↓↓↓
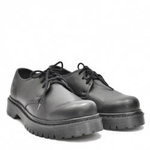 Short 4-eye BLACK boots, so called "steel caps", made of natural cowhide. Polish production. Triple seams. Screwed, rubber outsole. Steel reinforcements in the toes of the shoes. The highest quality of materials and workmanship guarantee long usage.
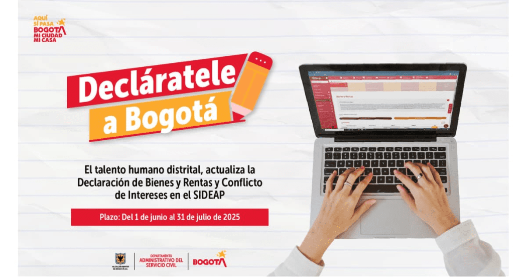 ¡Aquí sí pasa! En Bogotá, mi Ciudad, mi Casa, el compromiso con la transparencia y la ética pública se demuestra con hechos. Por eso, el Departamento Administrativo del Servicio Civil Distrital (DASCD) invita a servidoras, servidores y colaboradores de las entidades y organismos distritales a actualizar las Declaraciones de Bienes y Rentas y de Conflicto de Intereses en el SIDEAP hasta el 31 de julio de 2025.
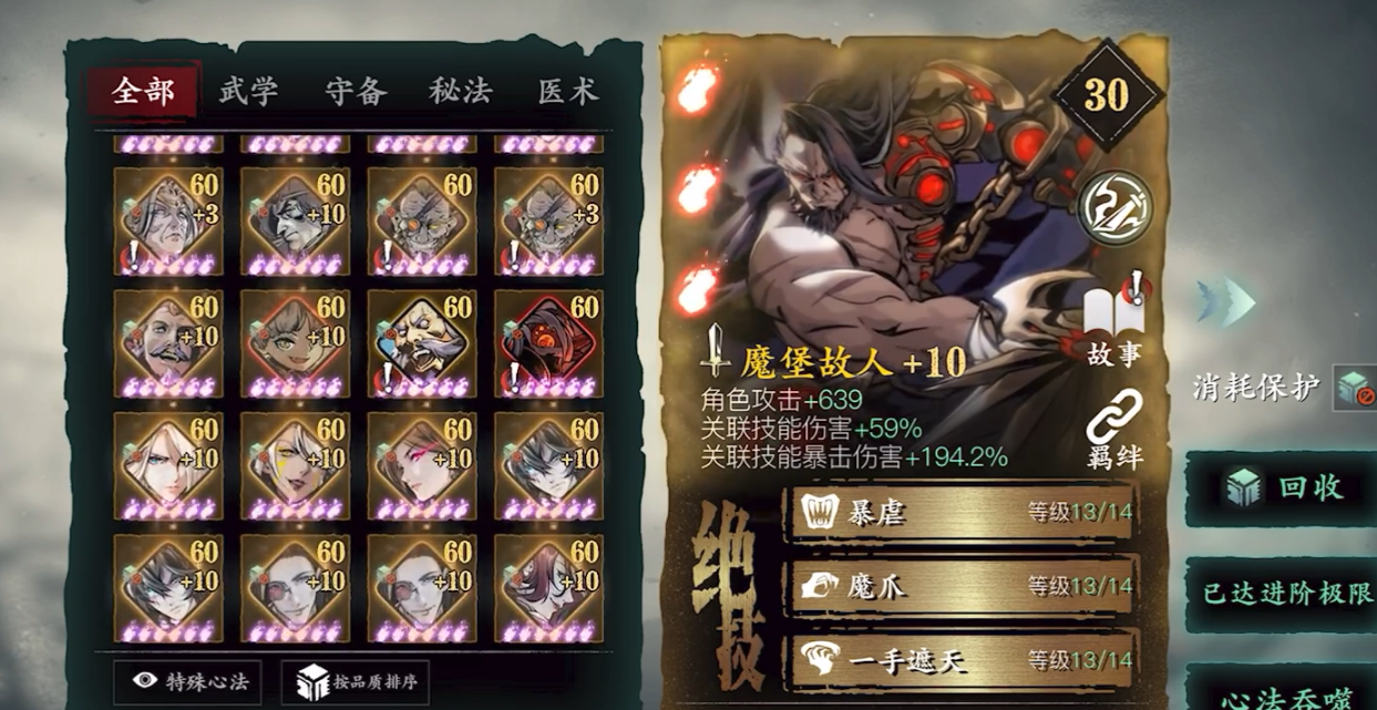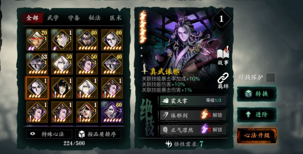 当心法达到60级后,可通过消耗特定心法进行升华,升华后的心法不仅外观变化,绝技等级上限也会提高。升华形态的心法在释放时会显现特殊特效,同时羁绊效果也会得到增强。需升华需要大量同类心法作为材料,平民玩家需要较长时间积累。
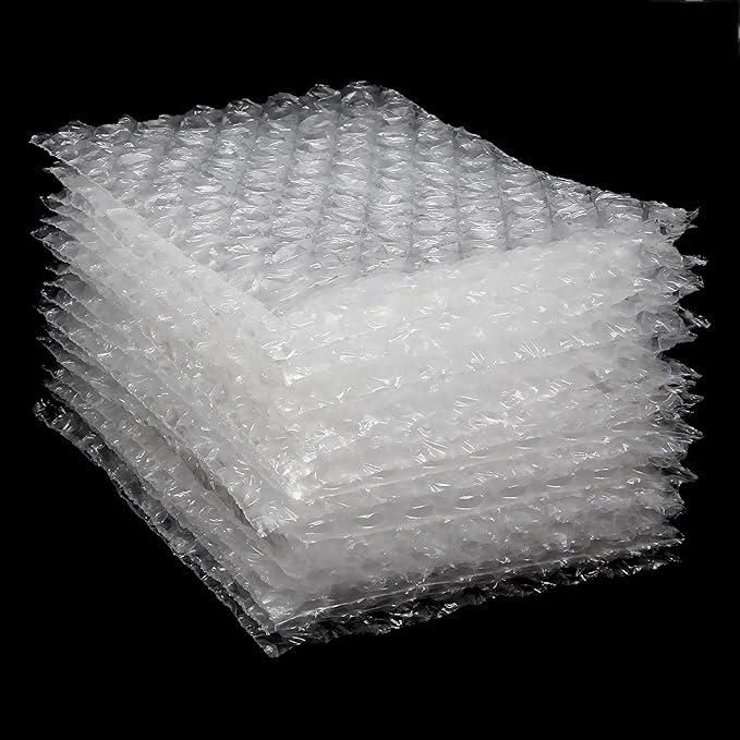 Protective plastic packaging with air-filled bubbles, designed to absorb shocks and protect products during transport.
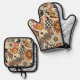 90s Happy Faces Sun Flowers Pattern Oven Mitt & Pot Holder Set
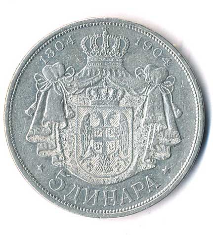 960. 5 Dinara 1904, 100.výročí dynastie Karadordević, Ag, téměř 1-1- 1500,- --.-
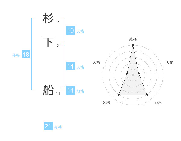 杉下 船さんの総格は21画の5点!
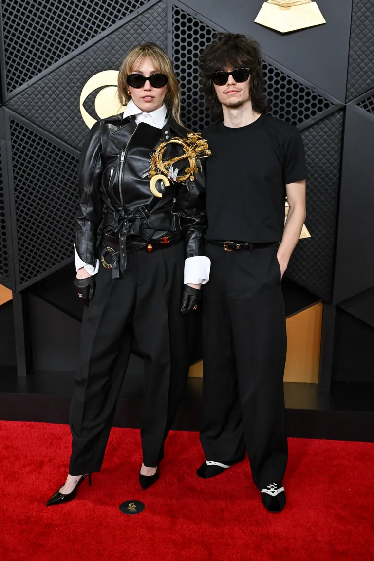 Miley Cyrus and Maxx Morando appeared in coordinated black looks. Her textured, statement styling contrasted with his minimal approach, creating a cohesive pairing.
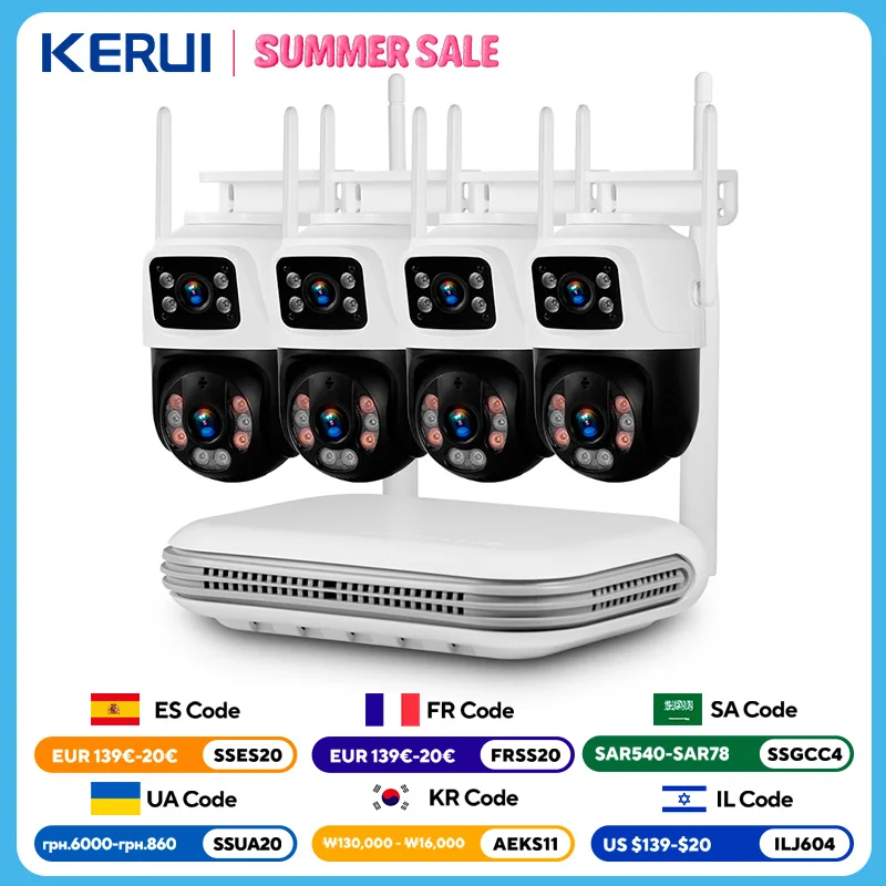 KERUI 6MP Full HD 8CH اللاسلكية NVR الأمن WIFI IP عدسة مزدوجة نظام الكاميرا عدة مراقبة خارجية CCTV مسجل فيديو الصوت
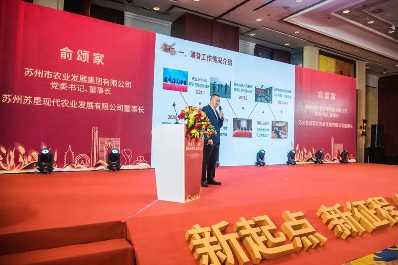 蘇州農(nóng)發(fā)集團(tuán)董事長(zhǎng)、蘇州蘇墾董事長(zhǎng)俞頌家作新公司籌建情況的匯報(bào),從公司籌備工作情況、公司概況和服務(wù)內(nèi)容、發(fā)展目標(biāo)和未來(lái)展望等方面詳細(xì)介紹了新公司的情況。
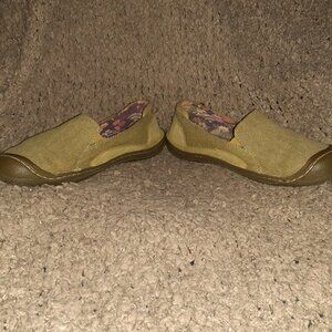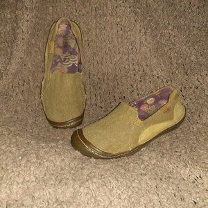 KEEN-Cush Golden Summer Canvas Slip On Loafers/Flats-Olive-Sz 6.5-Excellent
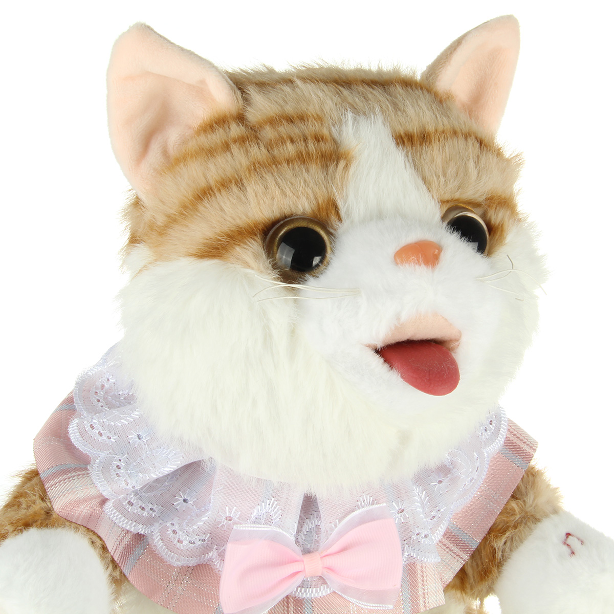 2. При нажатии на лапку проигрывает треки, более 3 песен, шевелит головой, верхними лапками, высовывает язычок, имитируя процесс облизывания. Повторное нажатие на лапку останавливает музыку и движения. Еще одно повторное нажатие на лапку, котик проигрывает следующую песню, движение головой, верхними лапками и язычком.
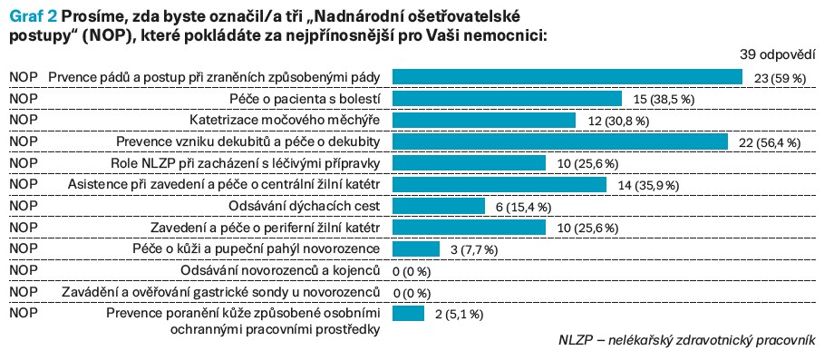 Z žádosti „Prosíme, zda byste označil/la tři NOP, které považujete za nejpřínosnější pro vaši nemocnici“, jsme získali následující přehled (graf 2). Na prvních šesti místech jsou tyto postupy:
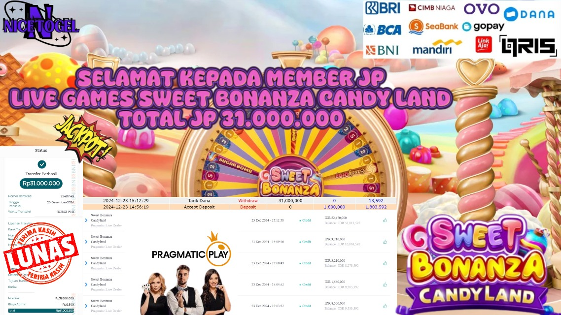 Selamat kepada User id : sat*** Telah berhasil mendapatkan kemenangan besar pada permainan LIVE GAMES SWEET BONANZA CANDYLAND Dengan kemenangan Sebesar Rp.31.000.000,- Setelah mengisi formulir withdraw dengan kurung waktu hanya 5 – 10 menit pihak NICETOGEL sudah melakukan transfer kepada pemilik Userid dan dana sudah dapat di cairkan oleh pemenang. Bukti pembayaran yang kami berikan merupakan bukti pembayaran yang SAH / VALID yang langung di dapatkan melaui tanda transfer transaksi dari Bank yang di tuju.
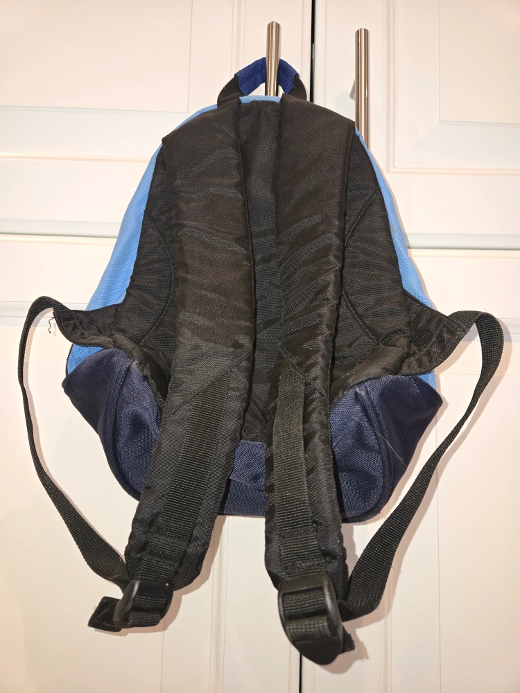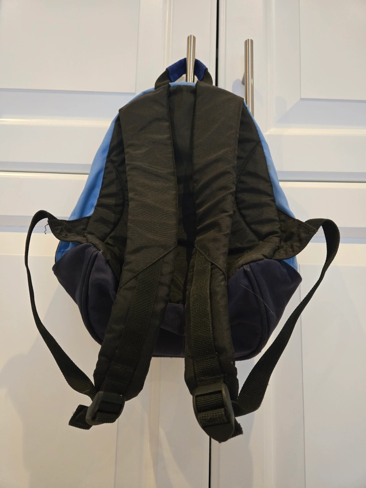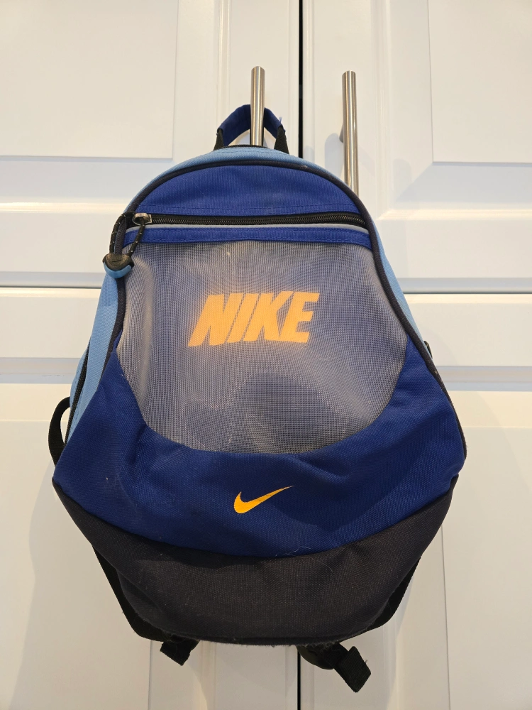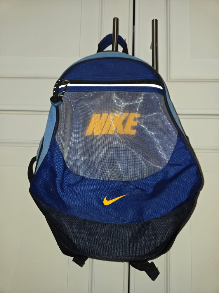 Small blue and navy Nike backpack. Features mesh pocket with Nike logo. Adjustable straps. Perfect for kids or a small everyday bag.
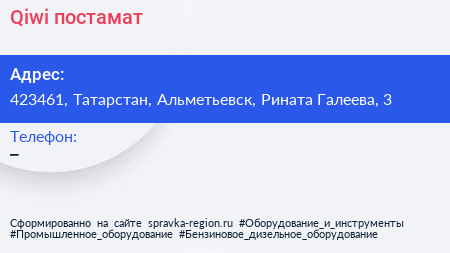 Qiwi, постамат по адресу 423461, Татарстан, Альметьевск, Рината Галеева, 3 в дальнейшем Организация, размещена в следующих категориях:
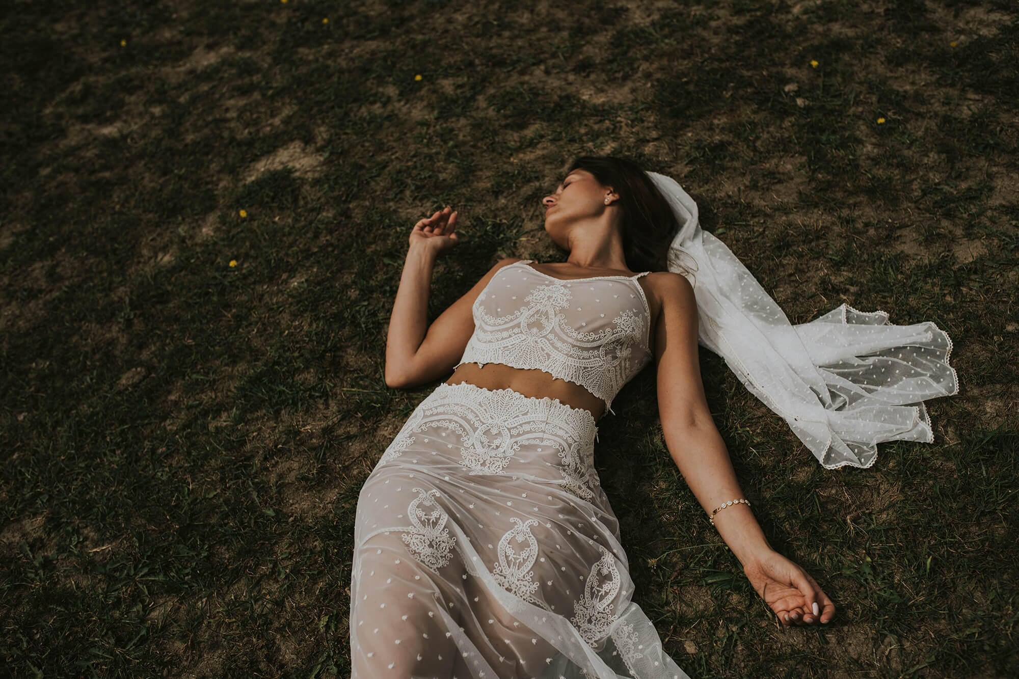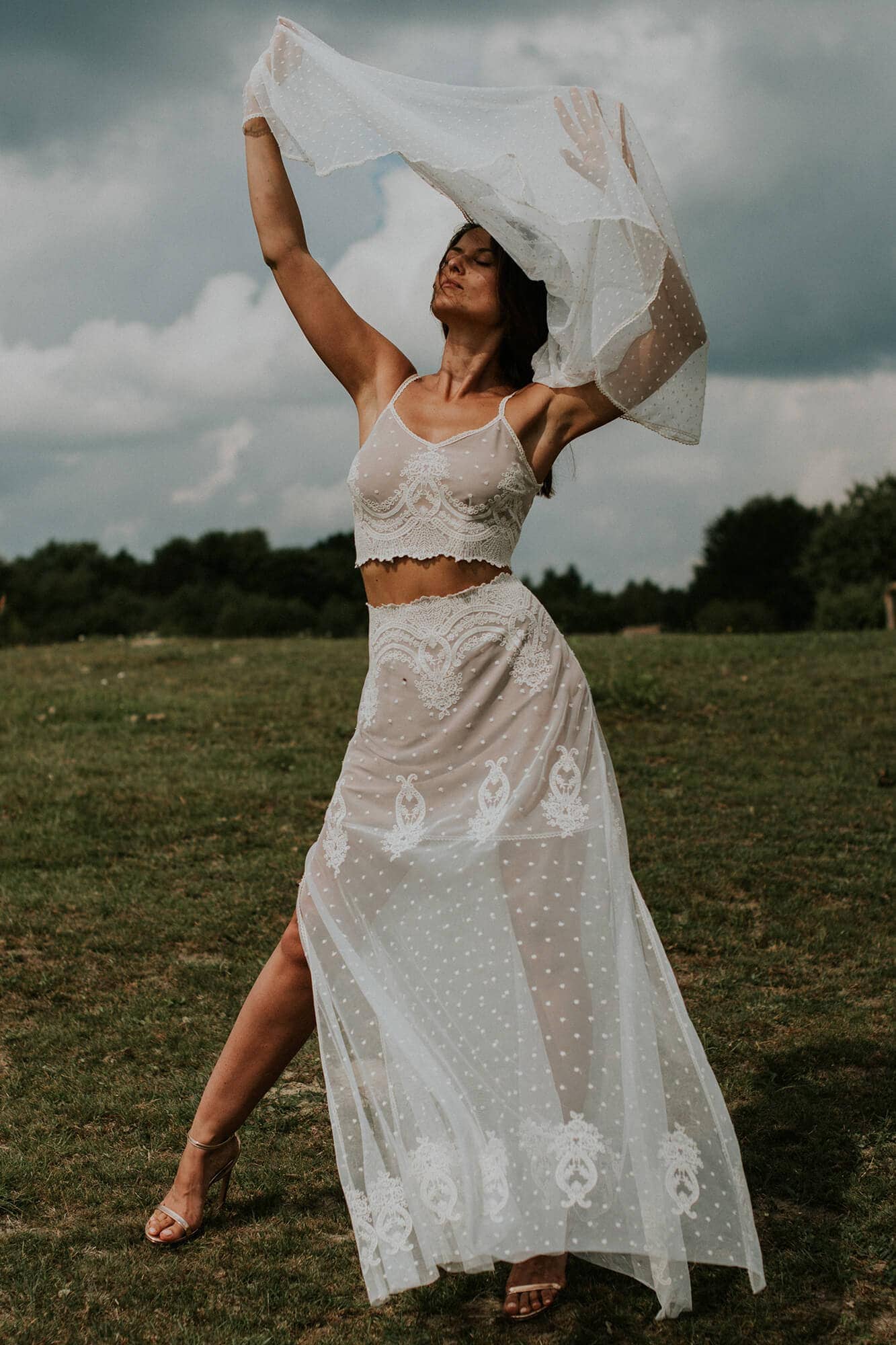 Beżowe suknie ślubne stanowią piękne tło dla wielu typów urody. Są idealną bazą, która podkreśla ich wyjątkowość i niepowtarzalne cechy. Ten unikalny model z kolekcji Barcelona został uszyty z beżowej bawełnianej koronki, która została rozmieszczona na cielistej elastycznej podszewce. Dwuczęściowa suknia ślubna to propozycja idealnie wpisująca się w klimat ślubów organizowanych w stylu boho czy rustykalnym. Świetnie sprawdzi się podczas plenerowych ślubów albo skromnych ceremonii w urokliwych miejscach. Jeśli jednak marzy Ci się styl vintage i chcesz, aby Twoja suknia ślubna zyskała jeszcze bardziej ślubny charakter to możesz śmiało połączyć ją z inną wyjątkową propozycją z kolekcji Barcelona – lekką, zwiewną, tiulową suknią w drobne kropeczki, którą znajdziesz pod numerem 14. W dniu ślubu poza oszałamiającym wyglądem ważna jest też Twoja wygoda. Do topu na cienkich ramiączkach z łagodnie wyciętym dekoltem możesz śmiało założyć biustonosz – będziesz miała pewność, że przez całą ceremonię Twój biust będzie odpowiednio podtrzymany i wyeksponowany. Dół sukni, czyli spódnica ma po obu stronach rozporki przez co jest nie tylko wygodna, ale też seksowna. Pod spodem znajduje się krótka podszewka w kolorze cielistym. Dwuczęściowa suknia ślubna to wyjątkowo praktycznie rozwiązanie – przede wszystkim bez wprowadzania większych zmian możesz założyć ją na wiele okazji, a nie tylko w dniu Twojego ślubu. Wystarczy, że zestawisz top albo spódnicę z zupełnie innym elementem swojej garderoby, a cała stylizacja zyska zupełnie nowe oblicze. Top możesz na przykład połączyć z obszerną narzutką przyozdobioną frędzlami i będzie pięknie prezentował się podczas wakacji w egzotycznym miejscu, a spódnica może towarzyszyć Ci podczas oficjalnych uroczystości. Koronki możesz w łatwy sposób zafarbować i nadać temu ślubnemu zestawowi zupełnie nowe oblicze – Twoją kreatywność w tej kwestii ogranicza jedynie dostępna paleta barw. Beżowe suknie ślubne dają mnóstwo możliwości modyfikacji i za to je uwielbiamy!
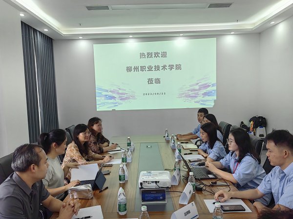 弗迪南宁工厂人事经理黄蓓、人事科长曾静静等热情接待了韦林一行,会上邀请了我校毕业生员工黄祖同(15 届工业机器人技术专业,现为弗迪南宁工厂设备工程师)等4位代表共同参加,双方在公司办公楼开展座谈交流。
↑↑↑
--- YOUR OBJECTIVE ---
Both boundary lines included, write out word for word only the lines above from the one containing "julio de 2025." to the one containing "当心法达到60级后,可通过消", leaving out any pictures.

--- EXPECTED ANSWER ---
 ¡Aquí sí pasa! En Bogotá, mi Ciudad, mi Casa, el compromiso con la transparencia y la ética pública se demuestra con hechos. Por eso, el Departamento Administrativo del Servicio Civil Distrital (DASCD) invita a servidoras, servidores y colaboradores de las entidades y organismos distritales a actualizar las Declaraciones de Bienes y Rentas y de Conflicto de Intereses en el SIDEAP hasta el 31 de julio de 2025.
 当心法达到60级后,可通过消耗特定心法进行升华,升华后的心法不仅外观变化,绝技等级上限也会提高。升华形态的心法在释放时会显现特殊特效,同时羁绊效果也会得到增强。需升华需要大量同类心法作为材料,平民玩家需要较长时间积累。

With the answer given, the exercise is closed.